Work instruction: Repeat the data exactly, please; no pictures belong in the copy.

Data block:
****************************************

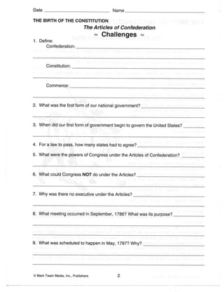 Constitution Worksheets
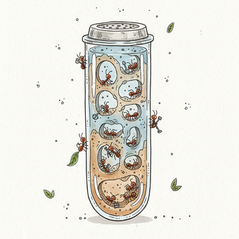 Das Bild zeigt eine gezeichnete Armeisenfarm. Das Bild wurde mittels einer KI (Gemini) erstellt und ist unter CC0 lizenziert. Weitere Bilder aus Herrn Emrich-Försters Bild-Archiv findet man hier: https://pix.foerster.rocks/
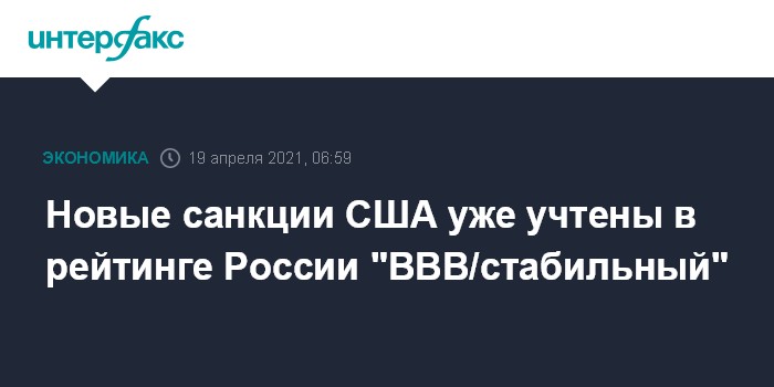 Москва. 19 апреля. INTERFAX.RU - Рейтинг Российской Федерации "BBB/стабильный" устойчив к новым американским санкциям, говорится в комментарии международного рейтингового агентства Fitch.

****************************************

Output for this exercise:
 Constitution Worksheets
 Das Bild zeigt eine gezeichnete Armeisenfarm. Das Bild wurde mittels einer KI (Gemini) erstellt und ist unter CC0 lizenziert. Weitere Bilder aus Herrn Emrich-Försters Bild-Archiv findet man hier: https://pix.foerster.rocks/
 Москва. 19 апреля. INTERFAX.RU - Рейтинг Российской Федерации "BBB/стабильный" устойчив к новым американским санкциям, говорится в комментарии международного рейтингового агентства Fitch.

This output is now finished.